His voice is dry: that he should be thinking like this. Ashamed. And why should such a calculation come to mind—a black judge inclined to think better of an accused because he has chosen a black advocate—when we are not talking here of a criminal, a murderer, appearing before him. Where does such a thought come from, for God's sake!

But do you know anything about him? Maybe he's just another good friend.

We can make some enquiries. I'll talk to someone at the top, I've met him a few times, he'll understand although it's not usual to expect one advocate to pass an opinion on another, I suppose.

Damn what's usual. I'm trying to think. What else should we be doing, Harald? Just sat there—chatting. Chatting. You might at least have assured him we'll pay for the lawyers, anything. How do we know whether fees didn't come into the choice? These senior counsel cost a fortune a day. If he thinks he'll have to find the money himself, it might affect everything.

He knows it's not a question of money. He knows he can depend on us. Not the time or the place to make some kind of magnanimous announcement.

I just thought you'd say … his father … oh all right, not about money, something—

All you could think of was to prescribe a sleeping pill.

I know. Well at least it was some sort of message that if he
wasn't being well treated I'd have pull with whoever the medical officer is. But
something
—

You tell me what we should have said to him.

She hit her thighs with her fists.

That we believe him.

When he says what? He has said nothing. We know nothing. I read the record of circumstantial evidence. The man is dead. A gun in the mud. What does that mean?

While he is speaking she is hammering across his words. That we believe in him! That we believe in him! That there's no possibility, ever, in this world, that we would not! That's what wasn't there, wasn't said—

He was checked in obedience to a traffic light. His hand went down to shift the gear to neutral and she moved slightly to avoid contact with the hand. He waited, with the red light, then spoke.

Believe?

You know.

There was no response.

That we believe he could never do such a thing and we're right about that.

He was carried along with the traffic as if the car drove itself. His head was stirring, almost weaving, in some unshareable conflict, intolerable reluctance.

Claudia—he knew he should qualify the formal use of her name with some intimacy, but the old epithets, the darlings and dearests were out of place in what had to be stated, hard. Begin again.

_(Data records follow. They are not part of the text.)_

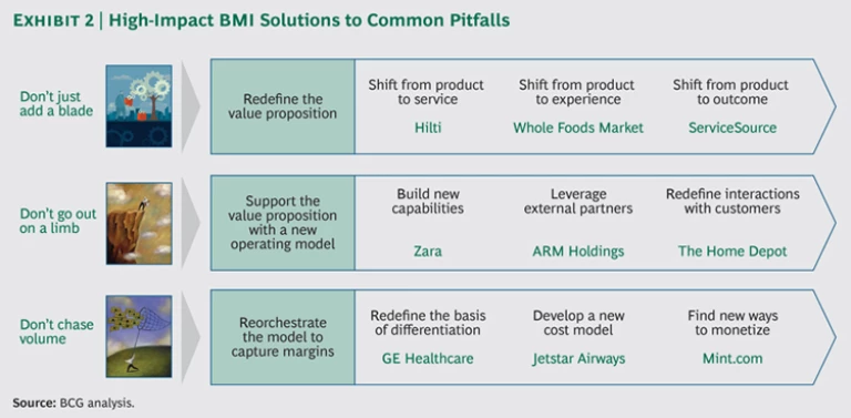 Consider the chasing-volume pitfall. Rather than just reducing the price, companies could also redefine their offering (such as a simplified product with cheaper materials), build a new cost model (such as greater automation and outsourcing), or fundamentally change the revenue model (such as a shift from one-time purchases to smaller, ongoing fees). Or they could do some combination of all three. By using this essence of BMI, we have developed nine particularly high-impact BMI solutions for avoiding typical growth-strategy pitfalls. (See Exhibit 2.) These solutions, and the examples we provide to illustrate them, can lead to a fundamentally new business model.
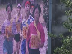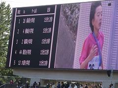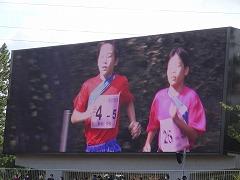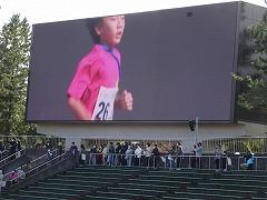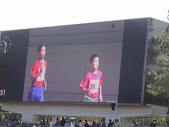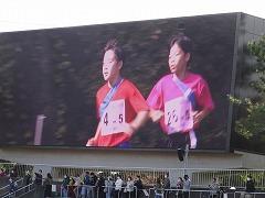 ↓第4走者にタスキが渡りました。力強い走りです。大型テレビに大きく映し出されています
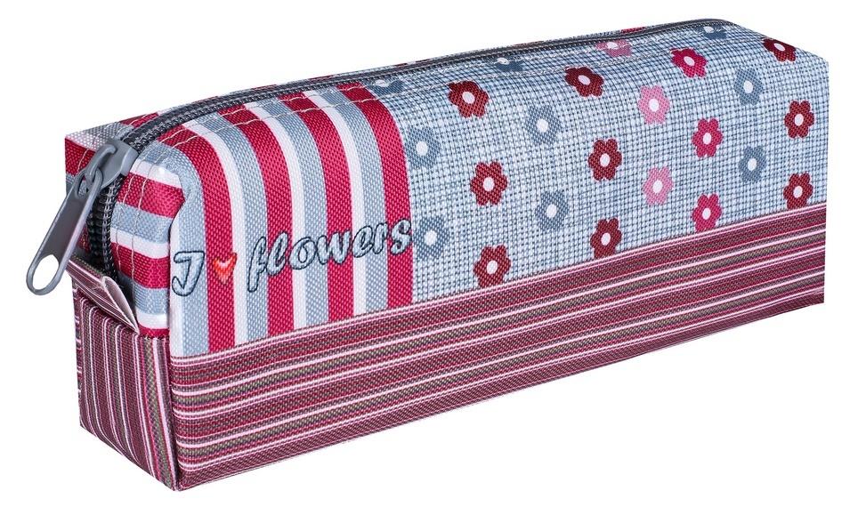 Piórnik typu klocek dostępny w 2 wersjach kolorystycznych. Wyrób ozdobiony nadrukiem przedstawiającym kwiaty wykonanym metodą termosublimacji. Wyrób zamykany na zamek błyskawiczny.
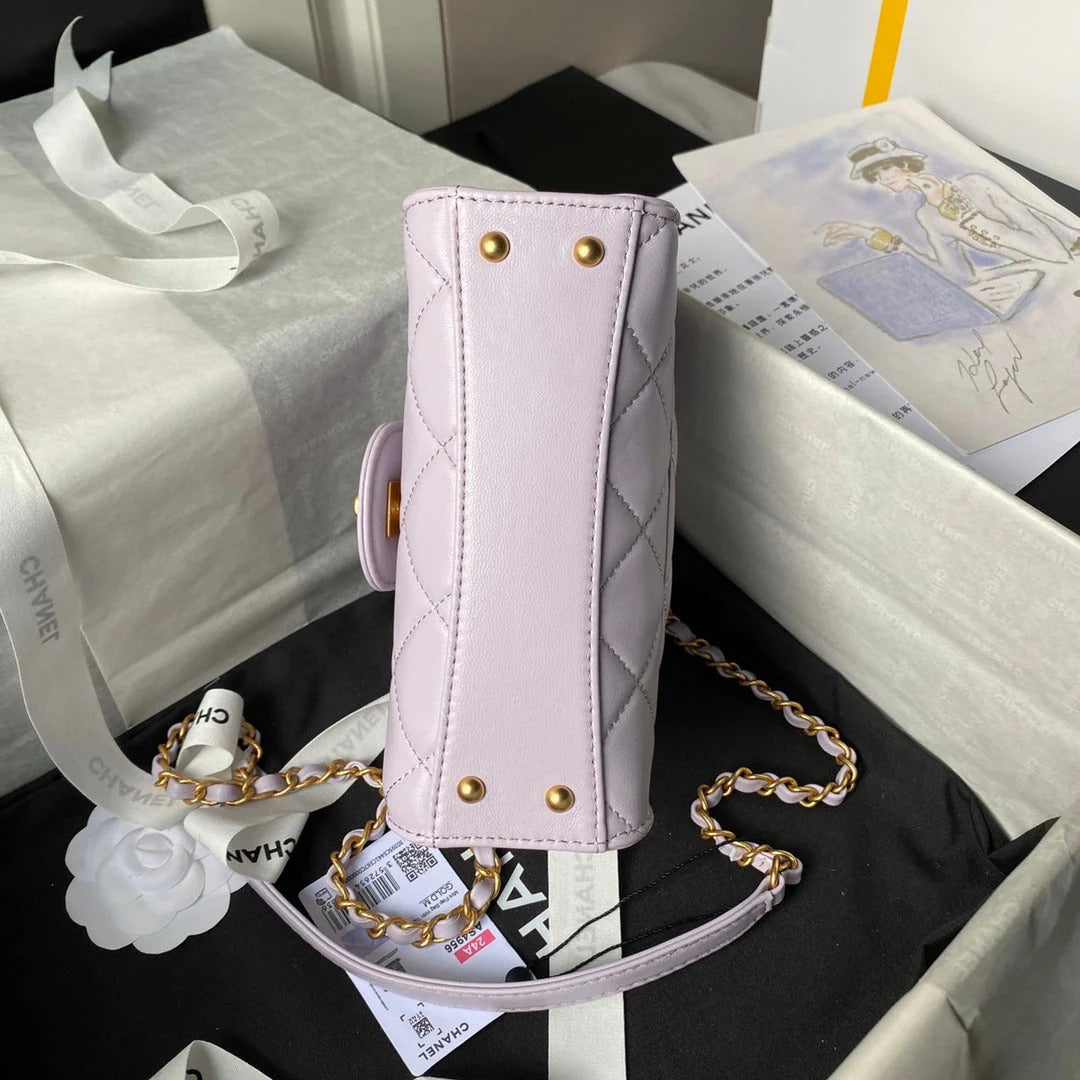 CC 25S FLAP BAG 21 CM IN LIGHT PURPLE LAMBSKIN WITH TOP HANDLE
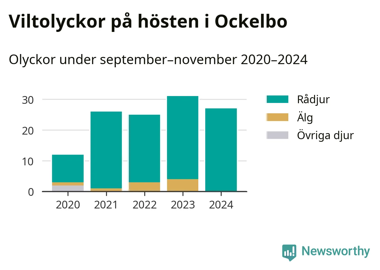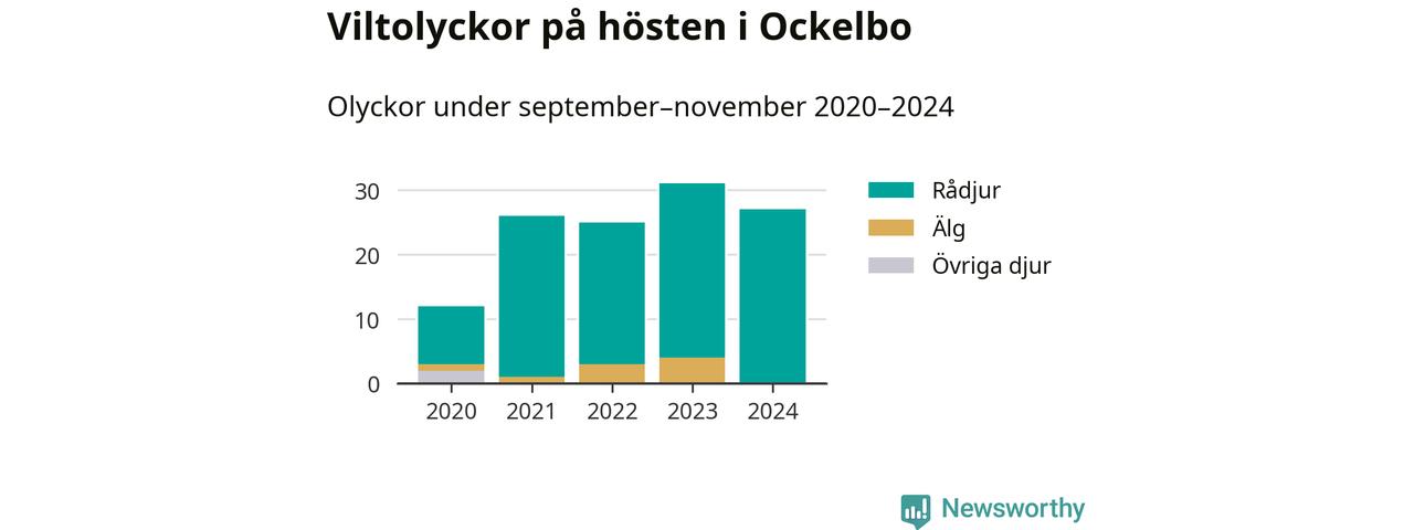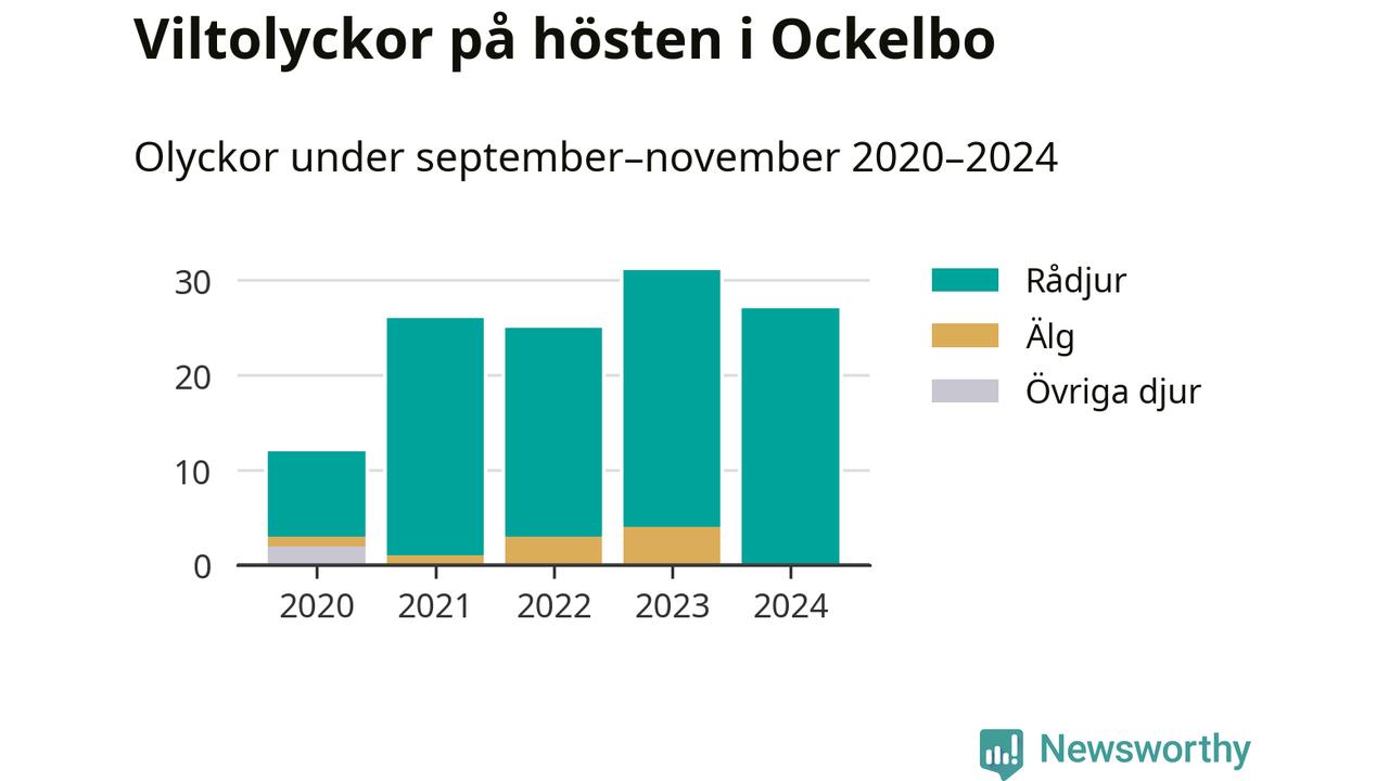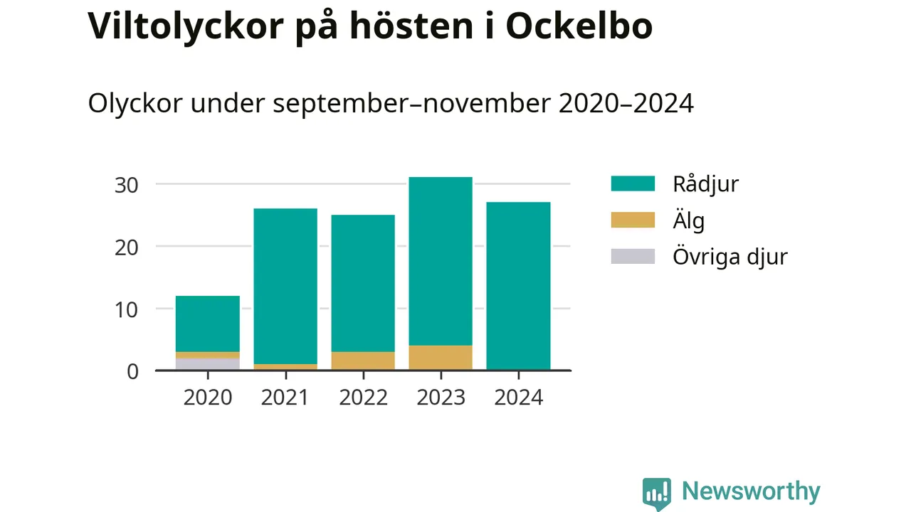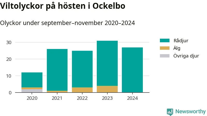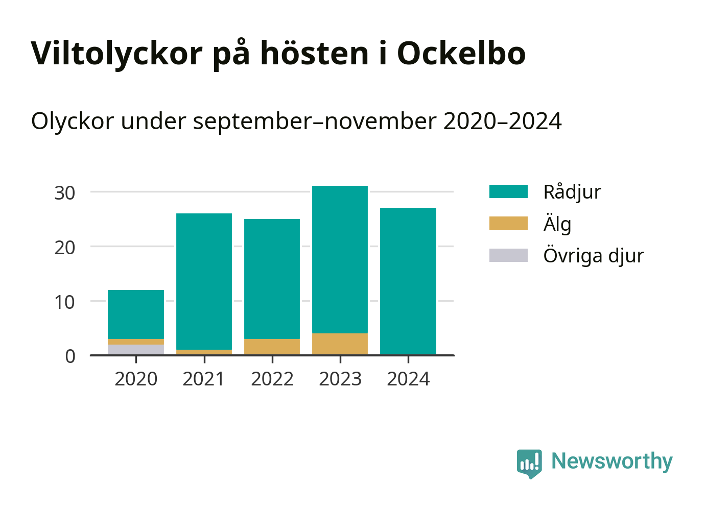 Under de senaste höstarna har antalet viltolyckor ökat i Sverige. Den höst med flest viltolyckor i Ockelbo hittills under 2020-talet var 2023, 31 olyckor. I fjol höst rapporterades totalt 27 olyckor.
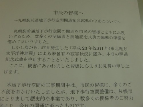 本日、札幌駅と大通りを結ぶ地下歩行空間が開通しました。記念式典は...
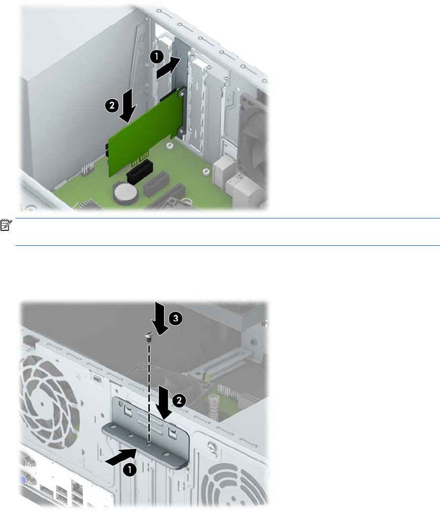 плати, а потім посуньте плату до задньої панелі корпусу (1), щоб нижня частина кронштейна на платі
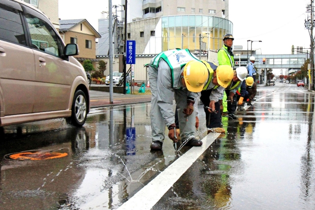 消雪パイプのノズルから均一に水が出るよう調整する委託業者=市内西本町1の国道352号 (2015/10/28)
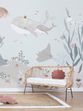 Plongez dans un décor magique avec ce papier peint qui vous donne l'impression de nager au milieu des baleines, tortues, poissons et autres créatures des mers !
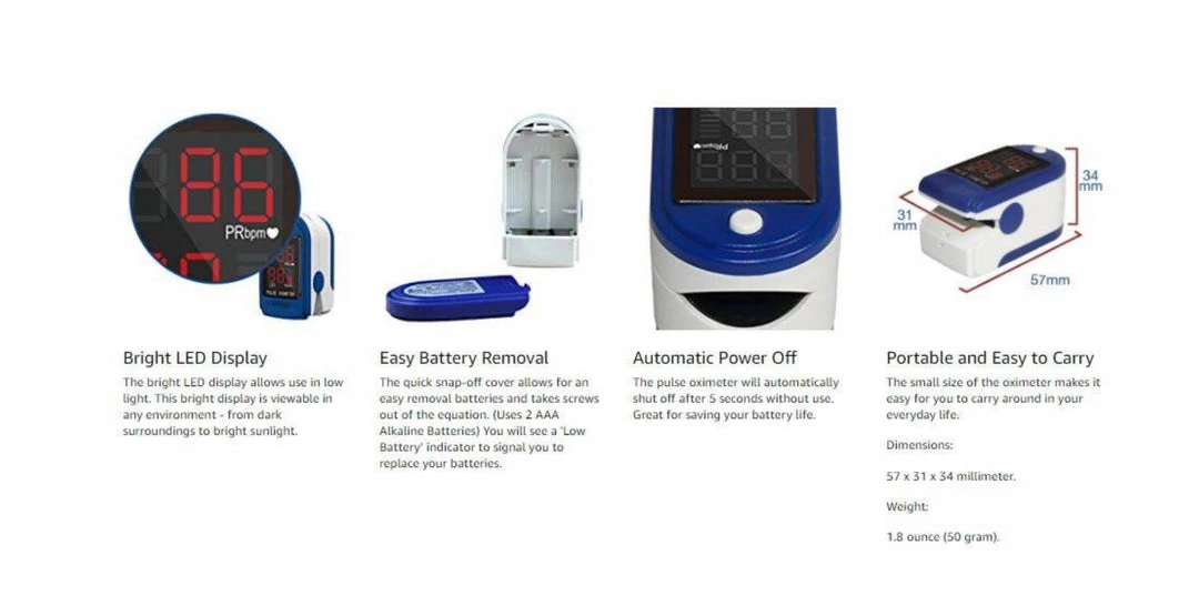 - Includes oximeter, 2 AAA batteries, and a wrist lanyard
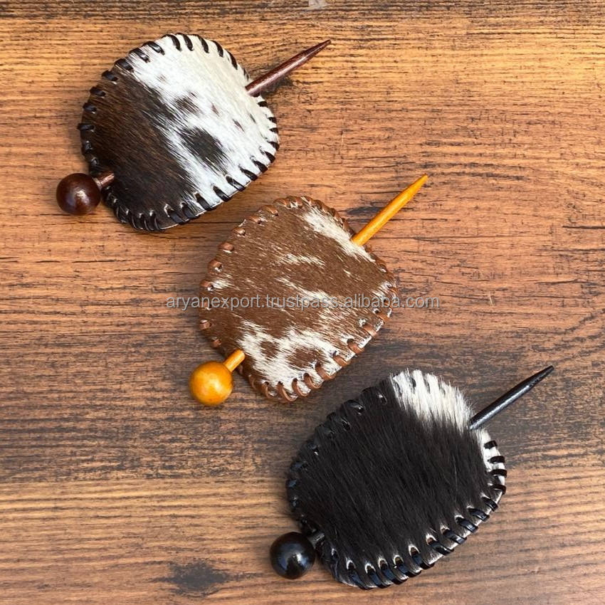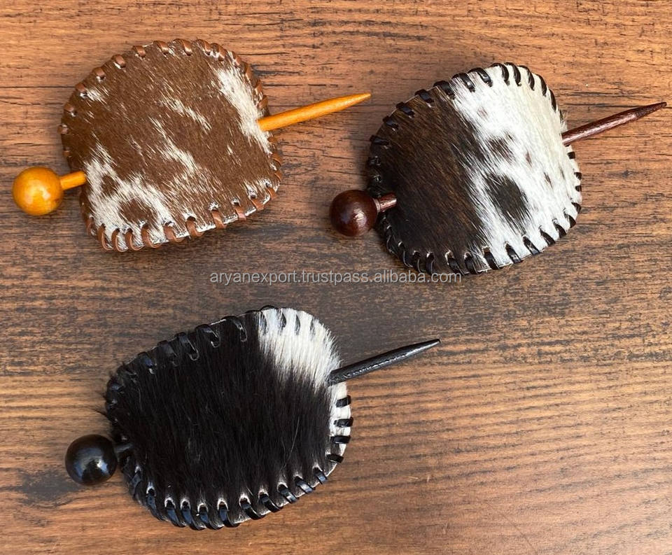 Product Name:Cowhide Leather Hair Barrette with Stick
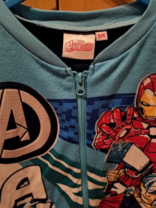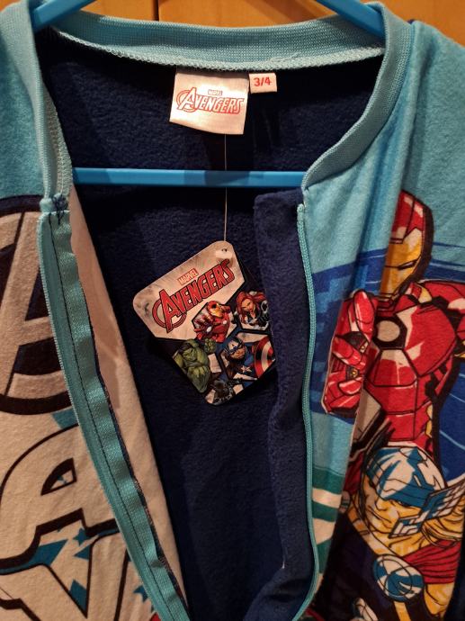 Dječji kombinezon od mikroflisa s dizajnom Marvel Avengers. Kombinezon ima rebraste manšete i gležnjeve, patentni zatvarač sprijeda i print sprijeda. Veličina 3 - 4, 104cm.
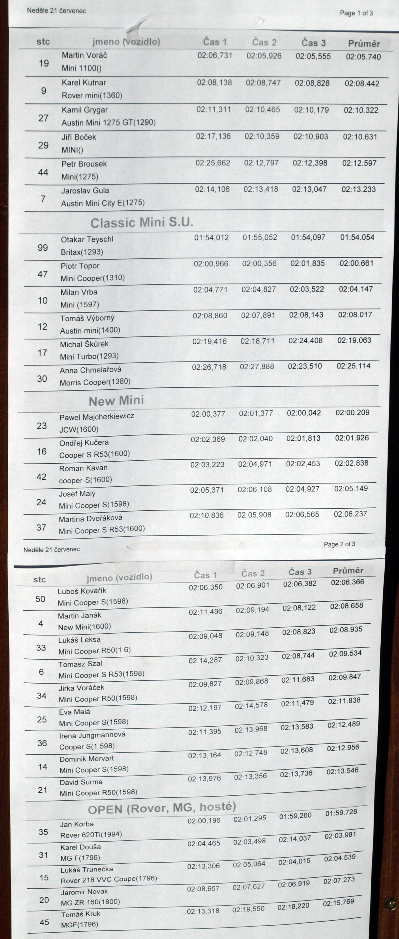 První ostrá jízda byla zklámání. V první levotočivé zatáčce mi uletěl zadek a já to otočil do protisměru :-D Naštěstí mi motor nezdechl, tak jsem to hned vrátil zpět a uháněl dál... v cíli jsem byl ale zklamaný, nicméně poučený, že první kolo musím před ostrýma zatáčkama brzdit striktně včas, protože gumy byly na startu studené a bylo to opravdu dost znát. Hned jsem taky do kufru vrátil rezervu, protože zadek auta potřeboval trošku přišpendlit. Velké a milé překvapení bylo po zveřejnění časů, kdy s časem něco málo přes 2:13 jsem i přes hodiny byl na tom velice dobře... po odečtení ztráty kolem 7 sekund to vypadalo na velice slušný potenciál... takže do další jízdy jsem šel s tím, že musím jet více hlavou, tak jak mi to doporučil Karel :-)
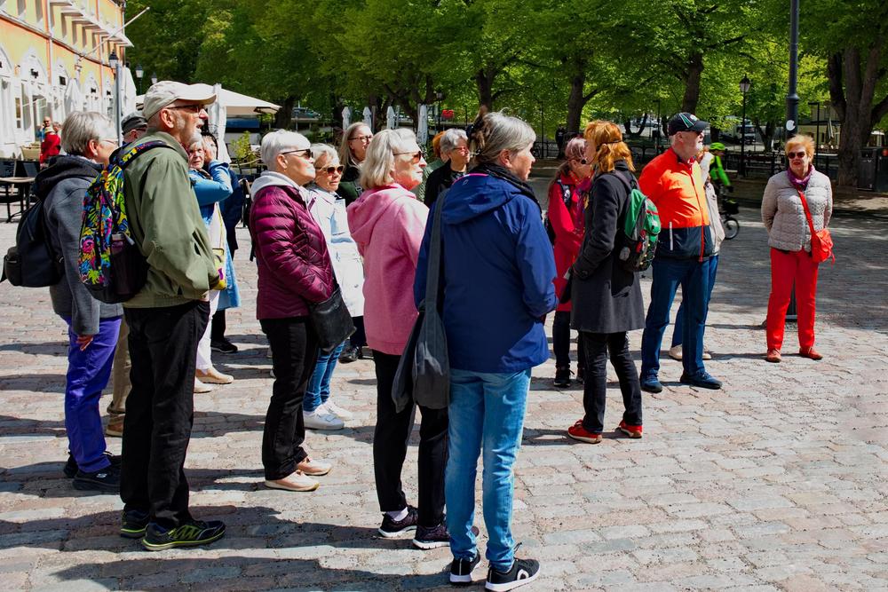 Aurinkoisena, mutta vähän viileänä tiistaina 22 Verohallinnon eläkeläistä kokoontui Turun Vähätorille aloittamaan kävelykierroksen Aurajokirannassa. Taitava oppaamme Eeva kertoili ilmeikkäästi ja mielenkiintoisesti matkan varrella esiin tulleista merkittävistä rakennuksista ja patsaista.
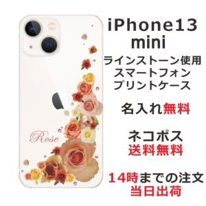- iPhone13 mini アイフォン13ミニ らふら 名入れ スマホケース ラインストーン スマホカバー 押し花風 バラ

We don't even know if he accepts that we believe in him.

Accept? Why should he not? What's accepting got to do with it!

He cannot allow it to become real to them both by pronouncing it, the father's voice enunciating it to the mother, but it is there, secreted in the car between them as he arrives at the security gates of the townhouse complex: Because he knows he did what was done. That is why nothing was said in that half-hour in the
prison visiting room; the premise we were there on does not exist. That is what our son was conveying to us. That is what there is to believe.

He presses the electronic gadget which lets them into their home but provides no refuge.